37Toen ze de volgende dag de berg afdaalden, kwam Hem een grote menigte tegemoet. 38Uit de menigte riep iemand om hulp: ‘Meester, kijk alstublieft eens naar mijn zoon; hij is mijn enig kind. 39Een geest neemt bezit van hem en dan schreeuwt hij het ineens uit. Hij laat hem stuiptrekken en schuimbekken, en laat hem bijna niet meer los, zo martelt hij hem. 40Ik heb uw leerlingen al gevraagd hem uit te drijven, maar ze waren er niet toe in staat.’ 41Jezus antwoordde: ‘Ongelovig en tegendraads slag mensen, hoelang moet Ik nog bij u blijven en u verdragen? Breng uw zoon hier.’ 42Nog terwijl de jongen naderbij kwam, wierp de demon hem stuiptrekkend op de grond. Maar Jezus bestrafte de onreine geest, Hij genas de jongen, en gaf hem weer aan zijn vader. 43Allen stonden versteld van de grootheid van God. Te midden van de algemene verbazing over alles wat Hij deed, zei Hij tegen zijn leerlingen: 44‘Knoop goed in je oren wat Ik jullie nu zeg: de Mensenzoon zal worden uitgeleverd en valt in de handen van mensen.’ 45Ze begrepen het echter niet; wat Hij zei bleef voor hen verborgen, zodat ze het niet snapten, maar ze durfden Hem er niets over te vragen. 46Zij kregen een meningsverschil, wie van hen de grootste was. 47Omdat Jezus wist wat er in hen omging, haalde Hij een kind naar zich toe, 48en zei tegen hen: ‘Wie dit kind ontvangt in mijn naam, ontvangt Mij; en wie Mij ontvangt, ontvangt degene die Mij gezonden heeft. Want de kleinste van jullie allemaal, die is groot.’ 49Johannes antwoordde: ‘Meester, wij hebben iemand in uw naam demonen zien uitdrijven, en wij hebben geprobeerd hem tegen te houden, omdat hij U niet volgt, zoals wij.’ 50Maar Jezus zei tegen hem: ‘Houd hem niet tegen, want wie niet tegen jullie is, is vóór jullie.’

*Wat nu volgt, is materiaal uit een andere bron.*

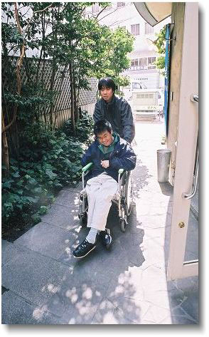 まず、近くにいた男の人に助けを求めます。そして四人で作戦会議。車椅子の前に二人と後ろに一人で何とかなるのではということになりました。このとき車椅子は前輪を上に上げ思いっきりウイリーさせた状態のまま後輪は宙に浮かさず階段に接触させたままひこずるようにして登っていきます。この方法をとると比較的楽に登ることができ、しかも途中で休むことだって可能なわけです。ただ、この方法はすべての車椅子利用者に有効なわけではありません。極端なウイリーを怖がる人も多いし、首か座っていない者や体が安定しない者などは逆に危険です。適正な介助の方法は一人一人違うわけですから介助される本人に聞くのが一番ということです。
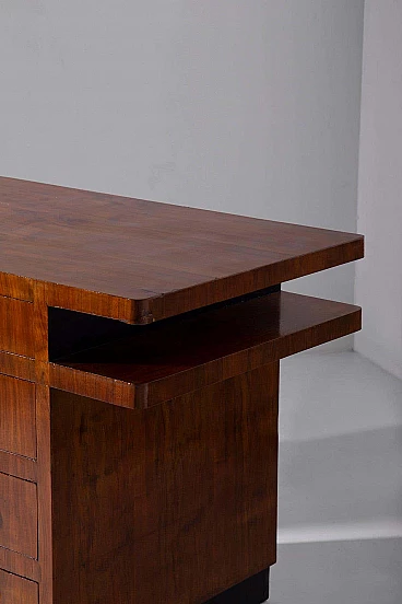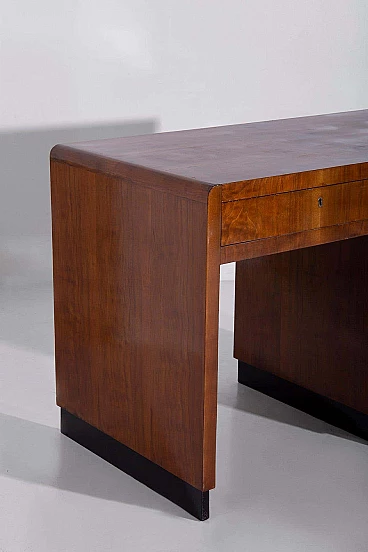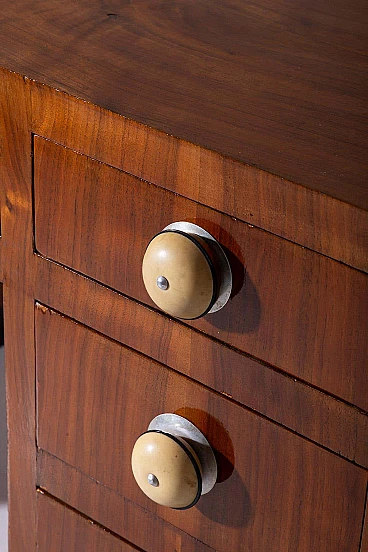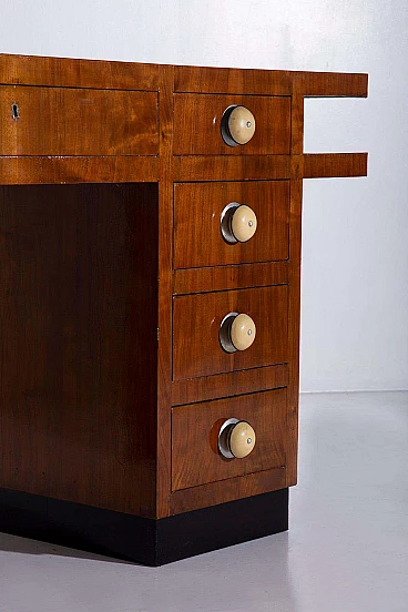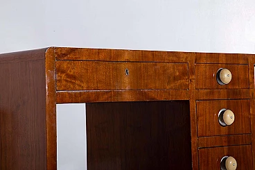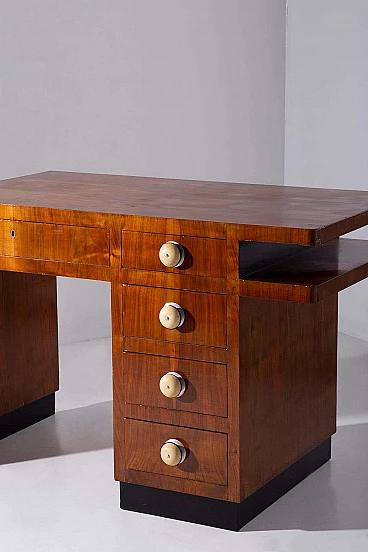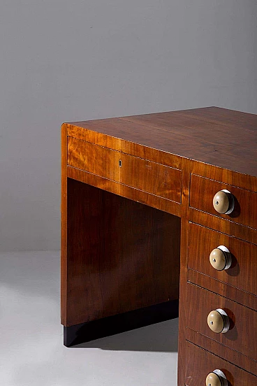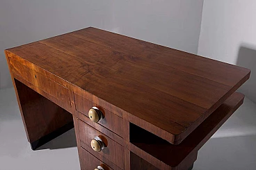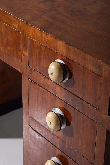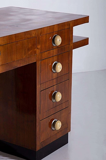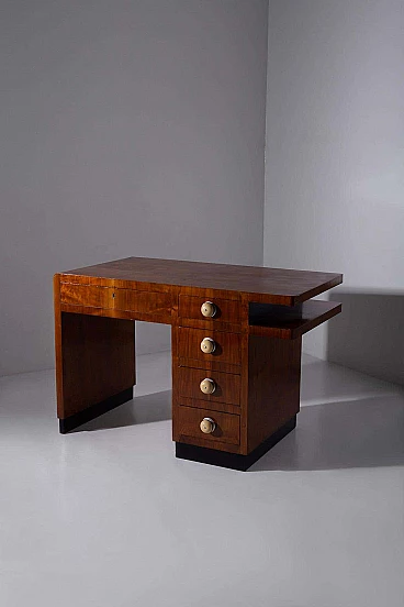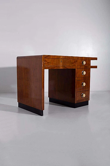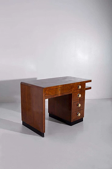 Here is a desk of timeless elegance, an exquisite creation of the Rationalist period in Italy. Crafted with meticulous precision, this Italian desk perfectly combines the warmth of wood with the elegant charm of aluminium metal. The wood chosen for this masterpiece boasts a captivating grain that dances in the light, telling a silent story of the art of nature. Its inherent elegance is undeniable and draws the eye and heart into a realm of aesthetic delight. When one's gaze explores the shape of the desk, one cannot help but be captivated by the quintessence of Italian rationalist design. It bears its heritage proudly, with lines as sharp as a morning breeze and shapes that exude an aura of order and simplicity. But it is the details that make this desk exceptional. Four round aluminium knobs, painted in a soft and inviting beige, embellish the front of the desk, serving as both functional drawer pulls and exquisite ornaments. Anchored to the drawers with a delicate yet sturdy metal frame, they invite exploration, hinting at the secrets kept within. Under the desk top hides a drawer, a treasure chest that can only be opened with the right key. It provides a refuge for precious objects, keeping them close but protected, a testament to the practicality of the desk hidden in its graceful exterior. Another noteworthy feature is the cleverly placed wooden shelf on the right side. It emerges seamlessly, creating an additional level of utility while retaining its elegance. Every inch of wood, every curve, every line, is a testament to the craftsmanship of the rationalist era. This desk, with its unadorned, immaculate design, is the embodiment of minimalist sophistication. It makes itself desirable in spaces that appreciate the beauty of simplicity, in rooms that whisper stories of history, and in the hearts of those who seek the perfect marriage of functionality and aesthetics. It is a testament to a bygone era, a timeless piece of Italian design that continues to fascinate and inspire.
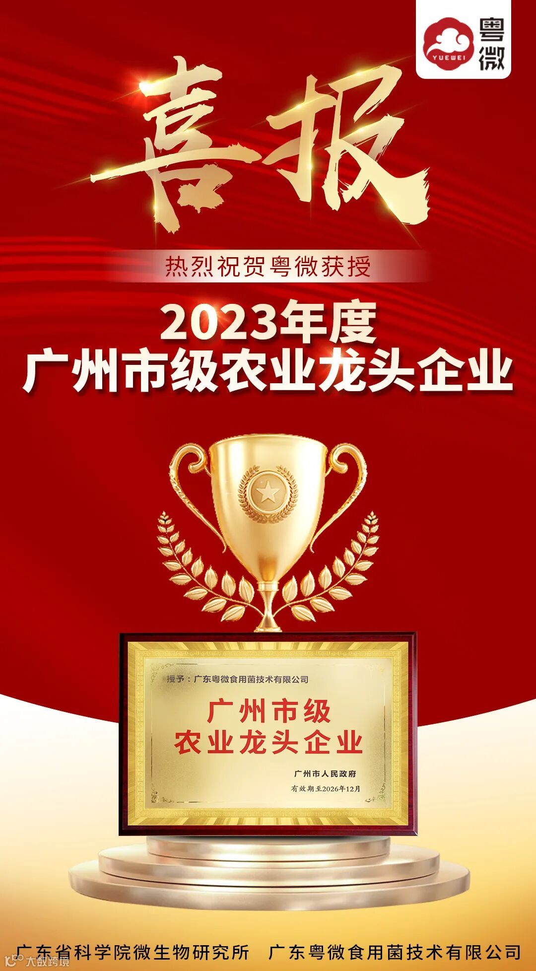 25年来,粤微一直致力于食药用菌功效研究及精深加工。发表国内外高水平论文140多篇,承担重大科技项目50余项,获国家科技进步二等奖1项、广东省科技一等奖2项、广东省发明专利奖3项,获得美国授权发明专利3件、中国授权发明专利70余件。 此次获授的“2023年度广州市级农业龙头企业”,是粤微继“广东省食用菌工程技术研究开发中心”、“国家博士后科研工作站”、“国家知识产权优势企业”、“国家高新技术企业”之后的获得的又一殊荣。充分体现出粤微的综合实力,更激励粤微持续精进、深耕科研技术创新,为推动行业高质量发展贡献智慧和力量。 END
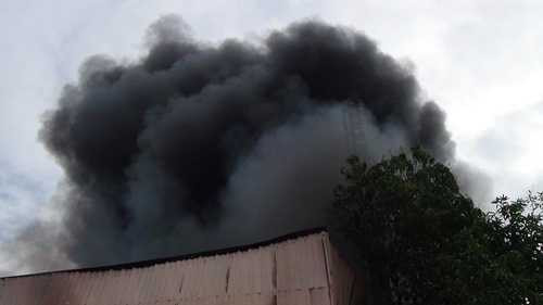 Lửa bùng phát nhanh cộng thêm khói đen bốc cao trăm mét khiến người dân hoảng sợ.
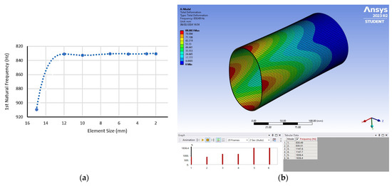 The lowest natural frequency, f1 = 830.49 Hz, was identified for the least stiff workpiece where the considered wall thickness was 1.5 mm; therefore, the analysis results of this workpiece were selected for presentation in this manuscript. A cubic element of size 5 mm was used for the numerical solution because the sensitive analysis (Figure 9a) showed a convergent behavior of the dependence of frequency—element size, and this element size was sufficiently accurate for the solution. Within the network, 7303 elements with 50,854 nodes were created for analysis.
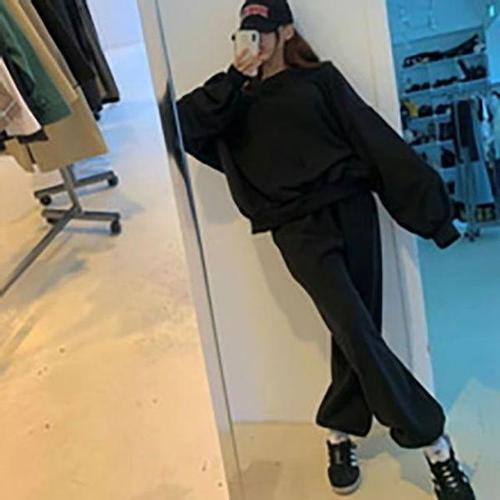 싱싱덴덩 여성운동복세트 후드집업 루즈핏 솔리드 트레이닝 세트 캐주얼 상하 투피스
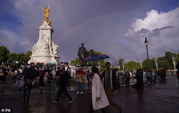 بعد هطول الأمطار ظهر قوس الالوان فوق قصر باكنغهام ونصب الملكة فيكتوريا التذكاري.
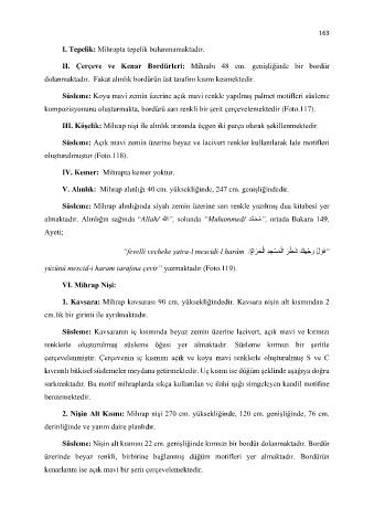 V. Alınlık: Mihrap alınlığı 40 cm. yüksekliğinde, 247 cm. genişliğindedir.
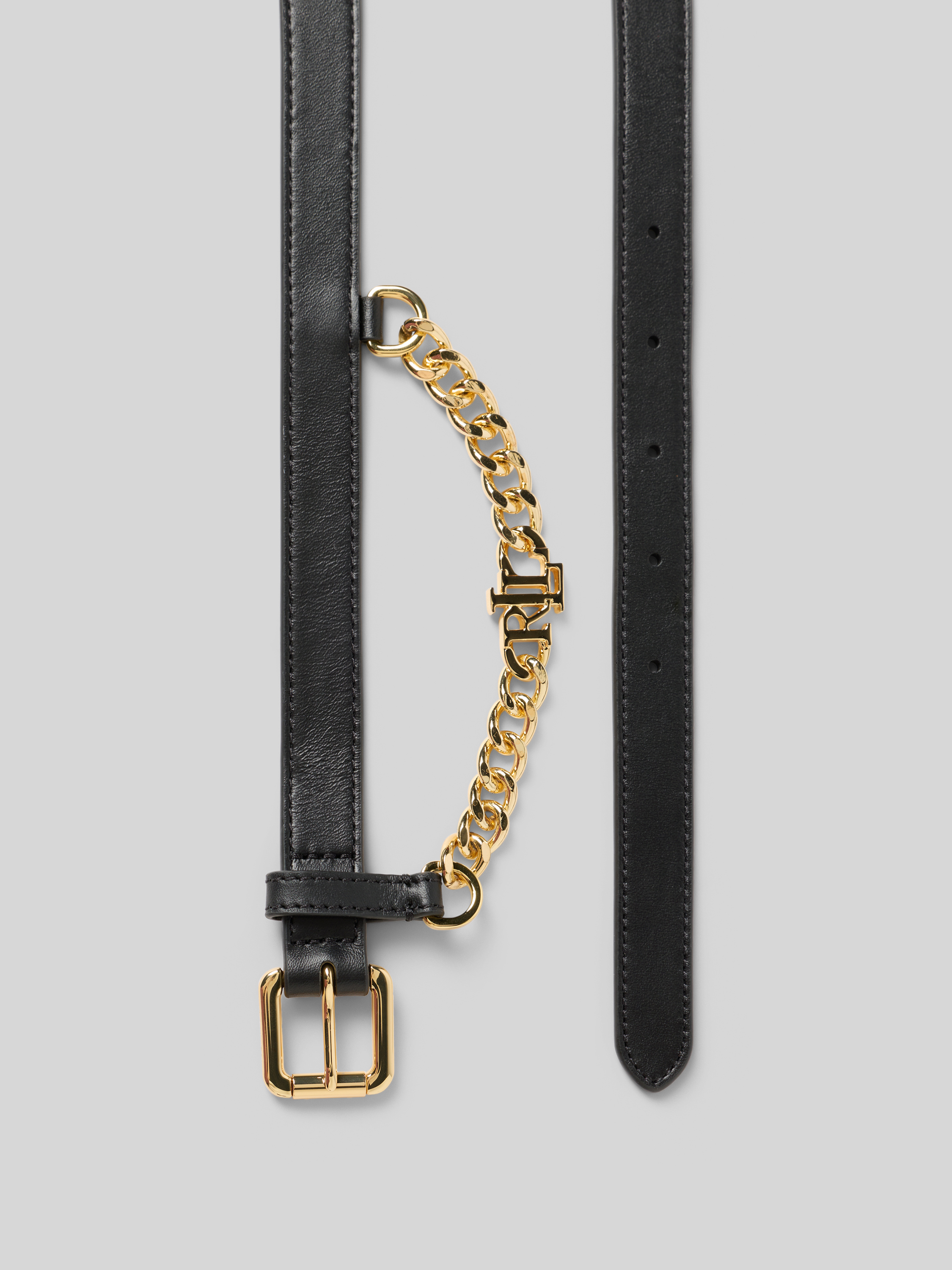 Pasek ze sprzączką i aplikacją z logo - czarny

Begin van Jezus’ reis naar Jeruzalem

51Toen de tijd naderde dat Hij zou worden weggenomen, koos Hij vastberaden Jeruzalem als reisdoel.

Een ongastvrij dorp in Samaria

52Hij zond boden voor zich uit, maar toen die in een Samaritaans dorp kwamen om zijn komst voor te bereiden, 53wilde men Hem niet ontvangen, omdat Hij Jeruzalem als reisdoel had gekozen. 54Toen de leerlingen Jakobus en Johannes dat merkten, zeiden ze: ‘Heer, zullen we zeggen "dat er vuur uit de hemel moet neerdalen om hen te vernietigen?"’ 55Maar Hij keerde zich om en wees hen terecht. 56Toen gingen ze naar een ander dorp.

Het volgen van de Mensenzoon

57Terwijl ze hun reis voortzetten, zei iemand onderweg tegen Hem: ‘Ik wil U volgen, waar U ook naartoe gaat.’ 58Jezus zei tegen hem: ‘De vossen hebben een hol, en de vogels van de hemel een nest, maar de Mensenzoon kan nergens het hoofd neerleggen.’ 59Tegen een ander zei Hij: ‘Volg Me.’ Die zei Hem: ‘Heer, sta me toe eerst mijn vader te gaan begraven.’ 60Maar Hij zei hem: ‘Laat de doden hun doden begraven; u moet het koninkrijk van God gaan verkondigen.’ 61Weer een ander zei: ‘Ik wil U volgen, Heer, maar sta me toe eerst thuis afscheid te nemen.’ 62Tegen hem zei Jezus: ‘Wie de hand aan de ploeg slaat en dan nog eens omkijkt, deugt niet voor het koninkrijk van God.’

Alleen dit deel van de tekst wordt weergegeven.